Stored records

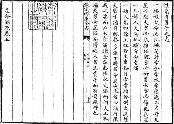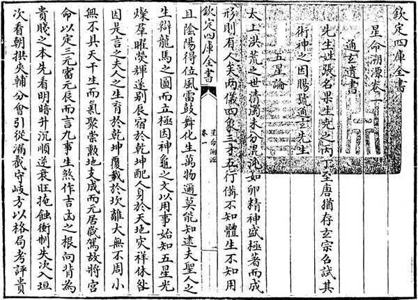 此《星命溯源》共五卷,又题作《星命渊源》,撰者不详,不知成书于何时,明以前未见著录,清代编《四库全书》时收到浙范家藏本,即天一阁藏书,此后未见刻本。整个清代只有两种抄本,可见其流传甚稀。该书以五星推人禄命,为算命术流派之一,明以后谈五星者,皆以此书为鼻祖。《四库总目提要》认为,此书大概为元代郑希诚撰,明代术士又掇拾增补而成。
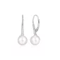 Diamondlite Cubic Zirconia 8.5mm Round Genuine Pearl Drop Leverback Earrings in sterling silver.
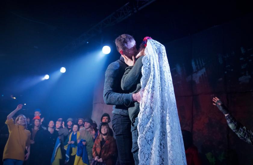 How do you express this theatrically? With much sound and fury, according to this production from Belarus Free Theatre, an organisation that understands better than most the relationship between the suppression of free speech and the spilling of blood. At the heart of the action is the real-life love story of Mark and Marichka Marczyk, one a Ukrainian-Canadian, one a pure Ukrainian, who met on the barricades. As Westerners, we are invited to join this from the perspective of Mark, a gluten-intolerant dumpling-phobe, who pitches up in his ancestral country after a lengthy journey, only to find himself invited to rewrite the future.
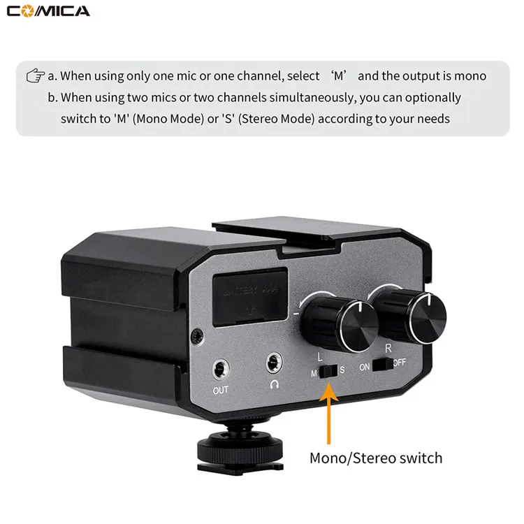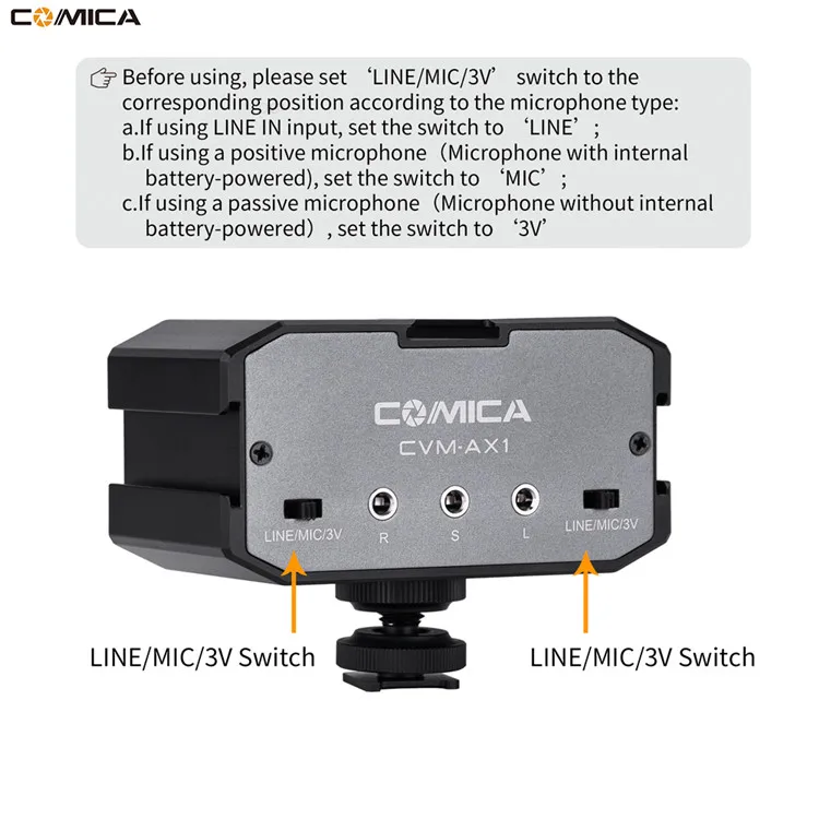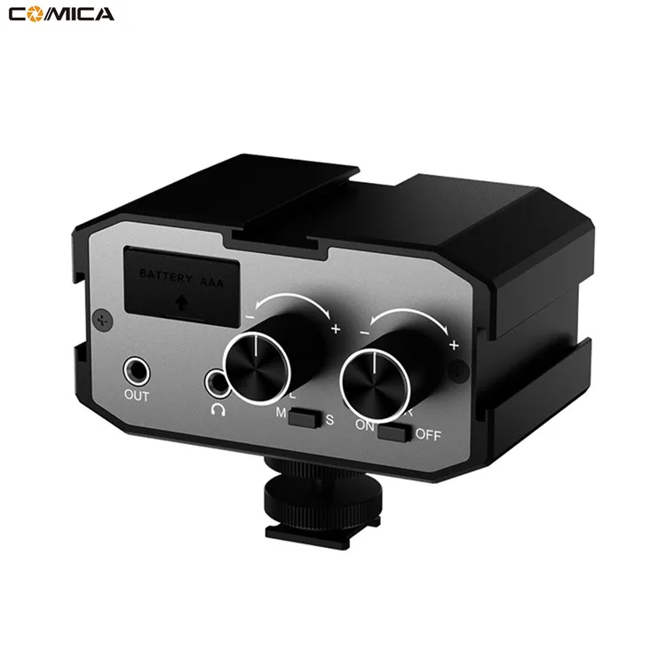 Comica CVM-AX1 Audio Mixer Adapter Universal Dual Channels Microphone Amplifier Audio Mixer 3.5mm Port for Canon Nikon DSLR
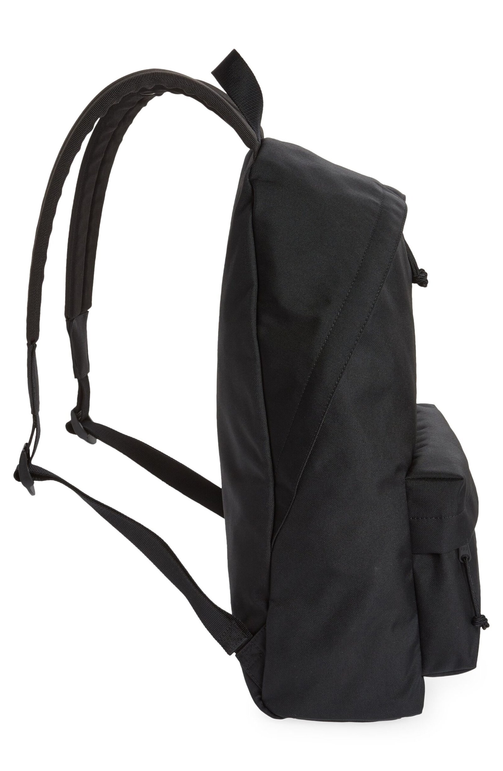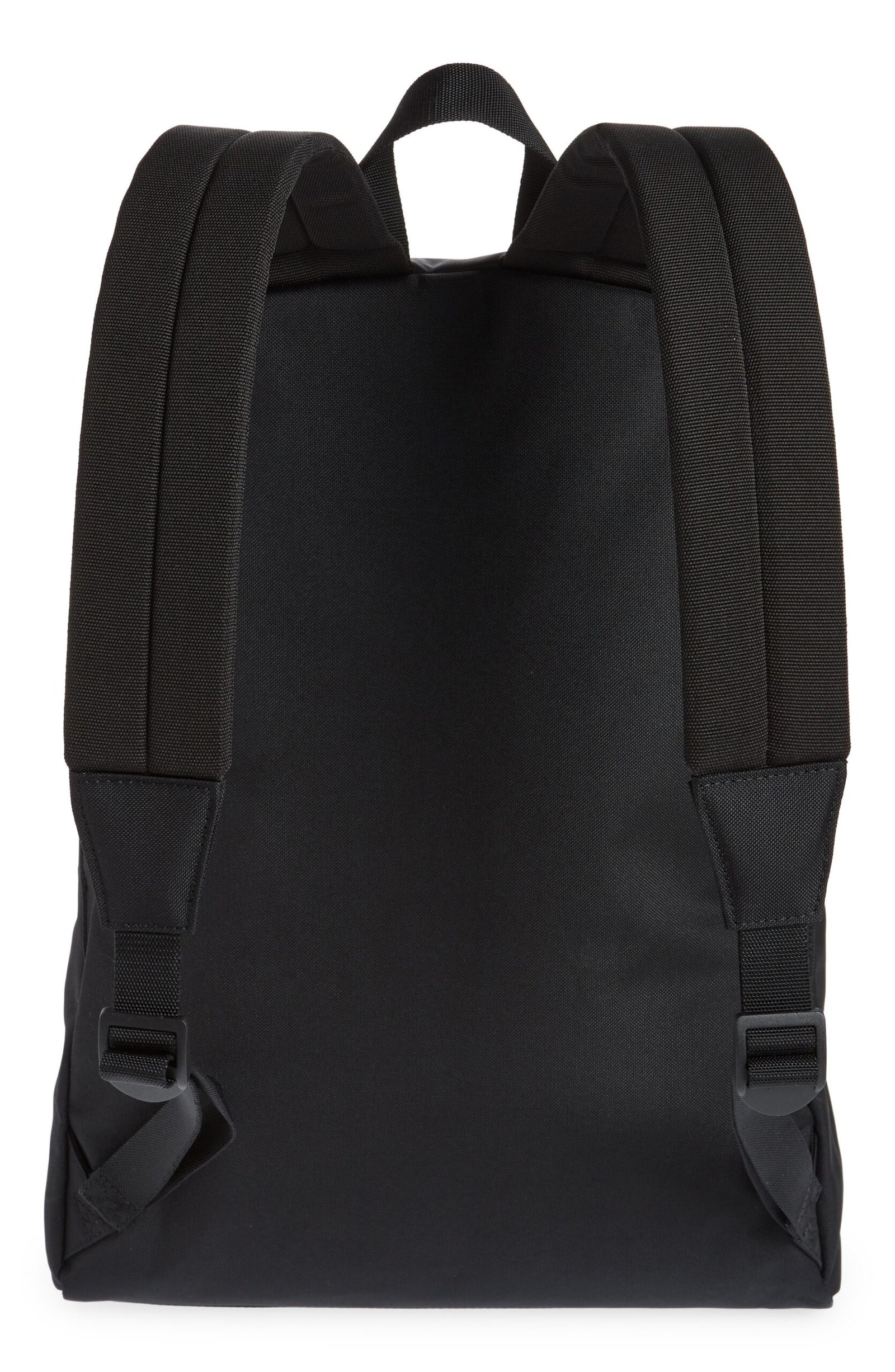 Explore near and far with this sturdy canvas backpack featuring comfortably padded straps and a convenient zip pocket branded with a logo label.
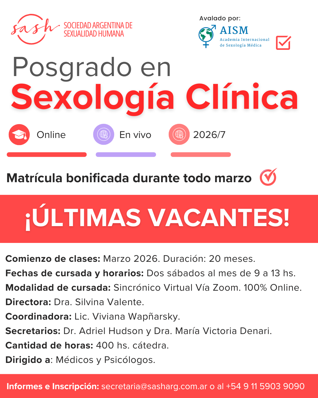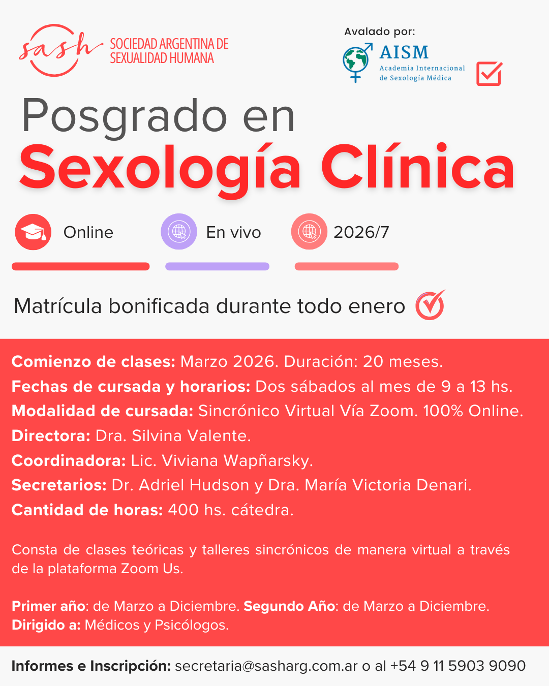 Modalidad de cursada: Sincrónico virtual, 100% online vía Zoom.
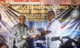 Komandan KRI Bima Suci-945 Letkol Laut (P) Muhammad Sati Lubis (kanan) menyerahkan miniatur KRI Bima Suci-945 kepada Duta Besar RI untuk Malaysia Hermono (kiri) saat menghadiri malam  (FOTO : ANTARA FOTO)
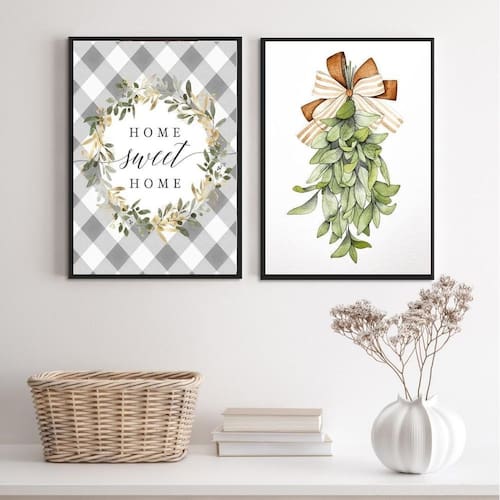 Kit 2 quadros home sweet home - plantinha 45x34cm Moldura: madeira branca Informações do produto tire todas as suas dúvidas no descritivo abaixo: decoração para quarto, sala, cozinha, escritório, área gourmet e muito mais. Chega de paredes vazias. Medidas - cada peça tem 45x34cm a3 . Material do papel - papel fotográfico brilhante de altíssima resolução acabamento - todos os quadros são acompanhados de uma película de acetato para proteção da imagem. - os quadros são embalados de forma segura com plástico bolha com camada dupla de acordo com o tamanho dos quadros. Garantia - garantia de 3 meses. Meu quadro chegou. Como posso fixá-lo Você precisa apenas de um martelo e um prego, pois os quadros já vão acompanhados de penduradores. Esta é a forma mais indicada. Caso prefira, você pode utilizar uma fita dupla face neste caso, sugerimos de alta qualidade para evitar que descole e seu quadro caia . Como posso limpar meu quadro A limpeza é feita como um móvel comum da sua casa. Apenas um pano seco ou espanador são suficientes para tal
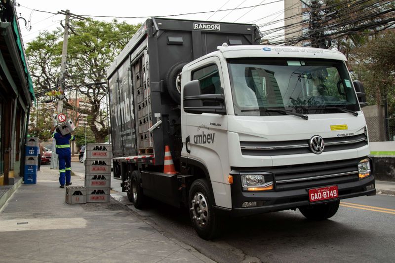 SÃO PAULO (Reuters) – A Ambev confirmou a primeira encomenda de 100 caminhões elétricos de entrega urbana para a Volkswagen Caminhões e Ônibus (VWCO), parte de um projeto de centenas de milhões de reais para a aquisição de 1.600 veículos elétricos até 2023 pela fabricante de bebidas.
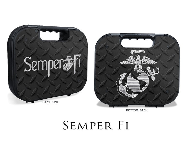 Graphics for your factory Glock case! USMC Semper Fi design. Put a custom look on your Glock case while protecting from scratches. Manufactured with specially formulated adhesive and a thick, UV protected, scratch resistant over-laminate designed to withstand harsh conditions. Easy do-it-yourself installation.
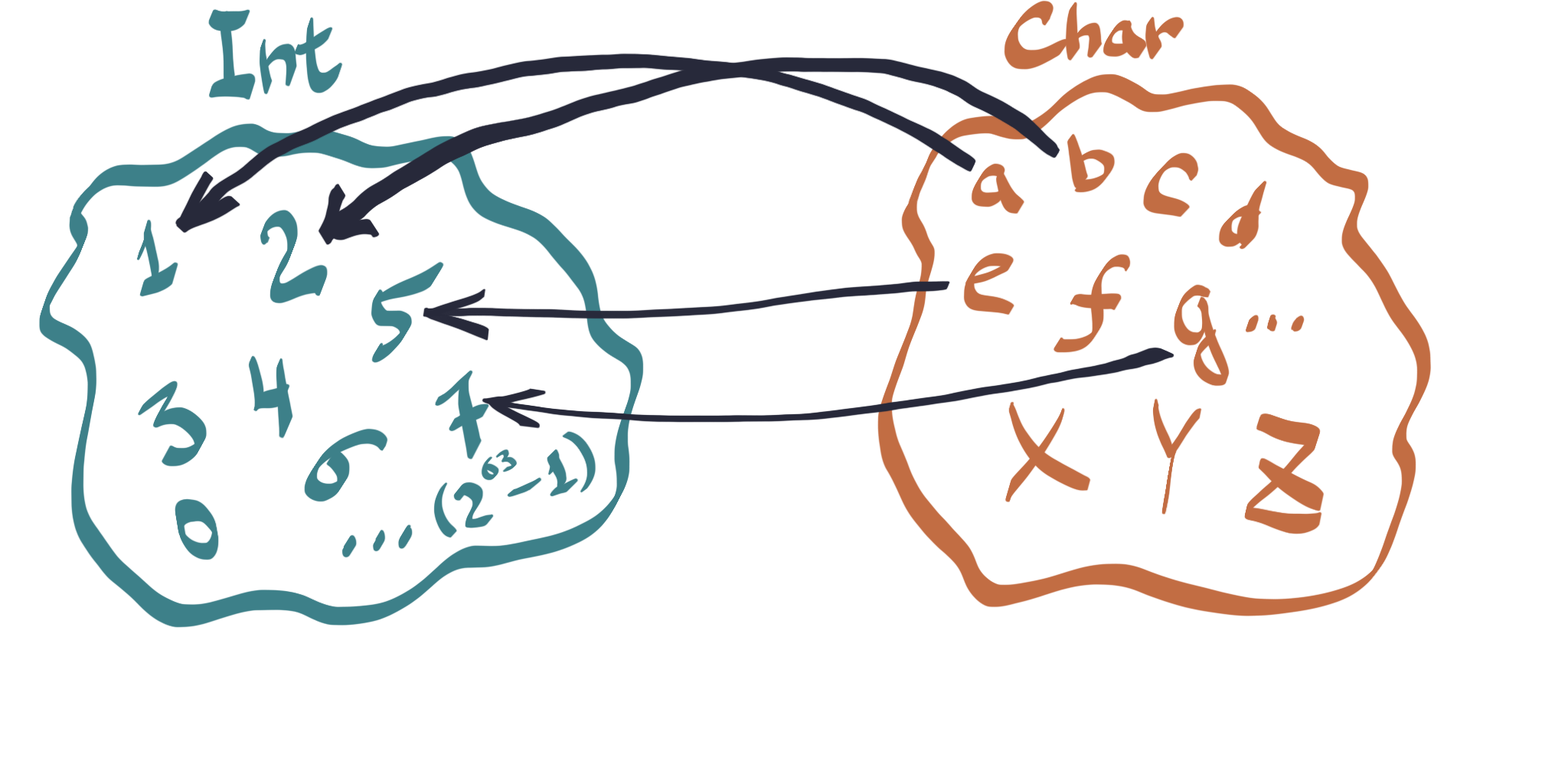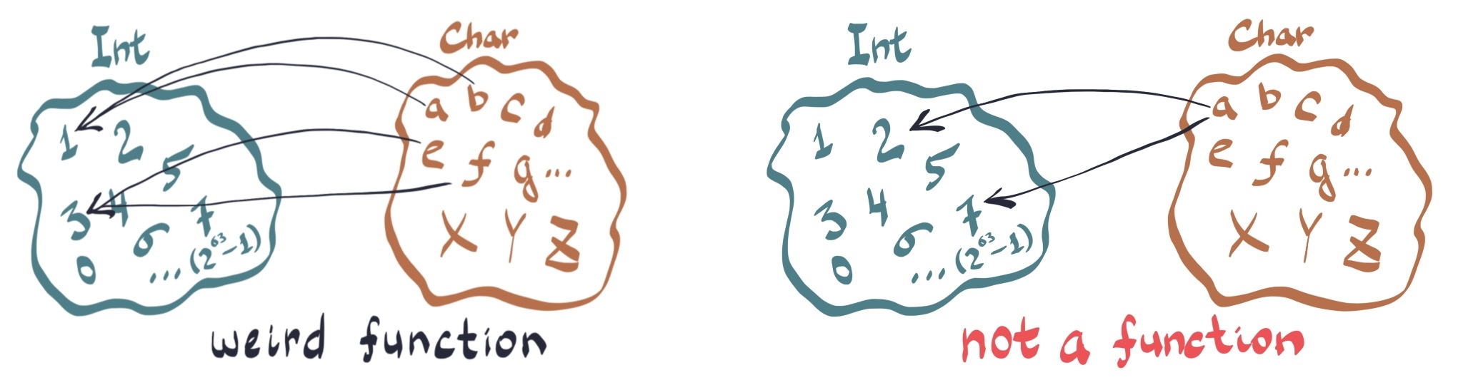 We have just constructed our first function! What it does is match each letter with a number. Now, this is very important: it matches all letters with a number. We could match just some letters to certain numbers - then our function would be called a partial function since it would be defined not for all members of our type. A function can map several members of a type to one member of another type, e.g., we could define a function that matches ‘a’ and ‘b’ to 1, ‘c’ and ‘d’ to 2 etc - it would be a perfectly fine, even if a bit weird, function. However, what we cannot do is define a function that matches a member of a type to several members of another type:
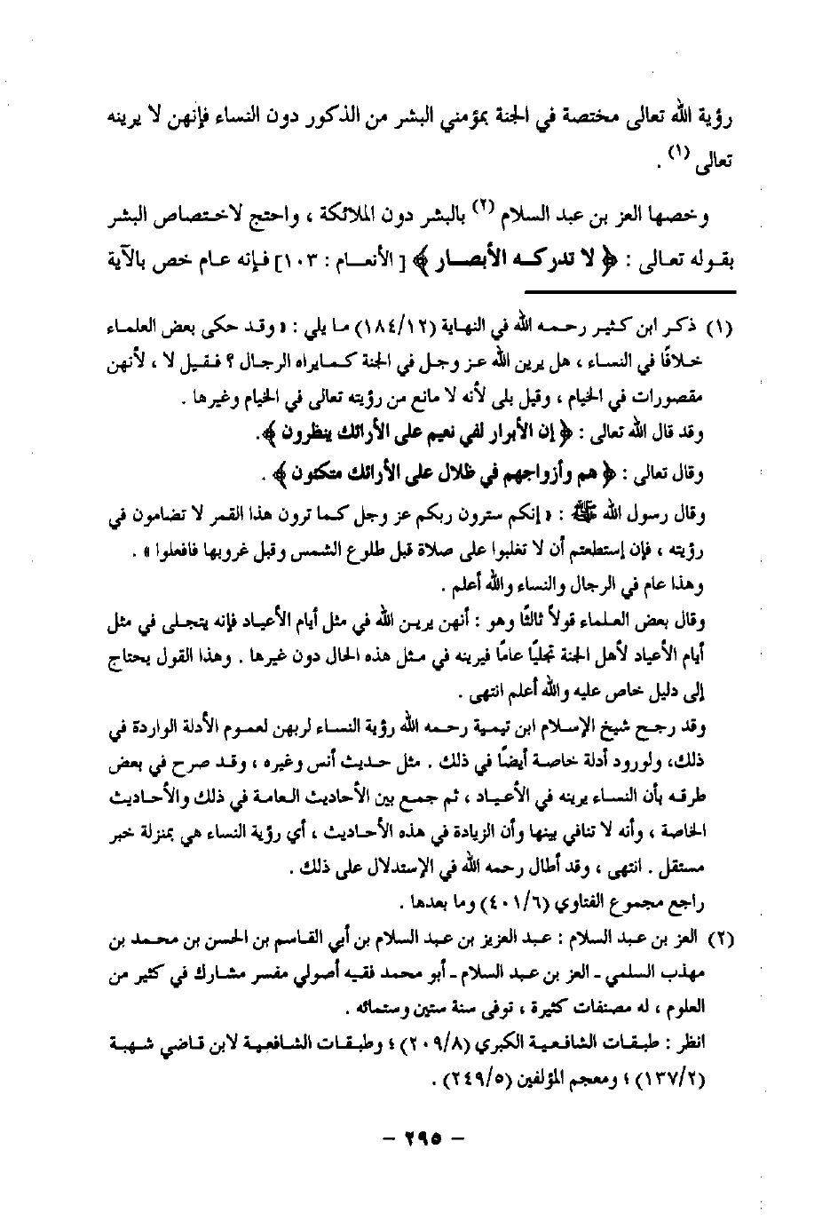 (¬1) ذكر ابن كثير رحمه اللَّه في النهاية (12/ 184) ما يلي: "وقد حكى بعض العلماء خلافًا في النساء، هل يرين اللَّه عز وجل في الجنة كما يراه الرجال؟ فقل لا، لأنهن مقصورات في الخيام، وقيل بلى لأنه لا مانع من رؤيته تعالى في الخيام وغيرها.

Problem details → Quote the records above exactly, leaving out any pictures.

Response to the exercise →
 此《星命溯源》共五卷,又题作《星命渊源》,撰者不详,不知成书于何时,明以前未见著录,清代编《四库全书》时收到浙范家藏本,即天一阁藏书,此后未见刻本。整个清代只有两种抄本,可见其流传甚稀。该书以五星推人禄命,为算命术流派之一,明以后谈五星者,皆以此书为鼻祖。《四库总目提要》认为,此书大概为元代郑希诚撰,明代术士又掇拾增补而成。
 Diamondlite Cubic Zirconia 8.5mm Round Genuine Pearl Drop Leverback Earrings in sterling silver.
 How do you express this theatrically? With much sound and fury, according to this production from Belarus Free Theatre, an organisation that understands better than most the relationship between the suppression of free speech and the spilling of blood. At the heart of the action is the real-life love story of Mark and Marichka Marczyk, one a Ukrainian-Canadian, one a pure Ukrainian, who met on the barricades. As Westerners, we are invited to join this from the perspective of Mark, a gluten-intolerant dumpling-phobe, who pitches up in his ancestral country after a lengthy journey, only to find himself invited to rewrite the future.
 Comica CVM-AX1 Audio Mixer Adapter Universal Dual Channels Microphone Amplifier Audio Mixer 3.5mm Port for Canon Nikon DSLR
 Explore near and far with this sturdy canvas backpack featuring comfortably padded straps and a convenient zip pocket branded with a logo label.
 Modalidad de cursada: Sincrónico virtual, 100% online vía Zoom.
 Komandan KRI Bima Suci-945 Letkol Laut (P) Muhammad Sati Lubis (kanan) menyerahkan miniatur KRI Bima Suci-945 kepada Duta Besar RI untuk Malaysia Hermono (kiri) saat menghadiri malam  (FOTO : ANTARA FOTO)
 Kit 2 quadros home sweet home - plantinha 45x34cm Moldura: madeira branca Informações do produto tire todas as suas dúvidas no descritivo abaixo: decoração para quarto, sala, cozinha, escritório, área gourmet e muito mais. Chega de paredes vazias. Medidas - cada peça tem 45x34cm a3 . Material do papel - papel fotográfico brilhante de altíssima resolução acabamento - todos os quadros são acompanhados de uma película de acetato para proteção da imagem. - os quadros são embalados de forma segura com plástico bolha com camada dupla de acordo com o tamanho dos quadros. Garantia - garantia de 3 meses. Meu quadro chegou. Como posso fixá-lo Você precisa apenas de um martelo e um prego, pois os quadros já vão acompanhados de penduradores. Esta é a forma mais indicada. Caso prefira, você pode utilizar uma fita dupla face neste caso, sugerimos de alta qualidade para evitar que descole e seu quadro caia . Como posso limpar meu quadro A limpeza é feita como um móvel comum da sua casa. Apenas um pano seco ou espanador são suficientes para tal
 SÃO PAULO (Reuters) – A Ambev confirmou a primeira encomenda de 100 caminhões elétricos de entrega urbana para a Volkswagen Caminhões e Ônibus (VWCO), parte de um projeto de centenas de milhões de reais para a aquisição de 1.600 veículos elétricos até 2023 pela fabricante de bebidas.
 Graphics for your factory Glock case! USMC Semper Fi design. Put a custom look on your Glock case while protecting from scratches. Manufactured with specially formulated adhesive and a thick, UV protected, scratch resistant over-laminate designed to withstand harsh conditions. Easy do-it-yourself installation.
 We have just constructed our first function! What it does is match each letter with a number. Now, this is very important: it matches all letters with a number. We could match just some letters to certain numbers - then our function would be called a partial function since it would be defined not for all members of our type. A function can map several members of a type to one member of another type, e.g., we could define a function that matches ‘a’ and ‘b’ to 1, ‘c’ and ‘d’ to 2 etc - it would be a perfectly fine, even if a bit weird, function. However, what we cannot do is define a function that matches a member of a type to several members of another type:
 (¬1) ذكر ابن كثير رحمه اللَّه في النهاية (12/ 184) ما يلي: "وقد حكى بعض العلماء خلافًا في النساء، هل يرين اللَّه عز وجل في الجنة كما يراه الرجال؟ فقل لا، لأنهن مقصورات في الخيام، وقيل بلى لأنه لا مانع من رؤيته تعالى في الخيام وغيرها.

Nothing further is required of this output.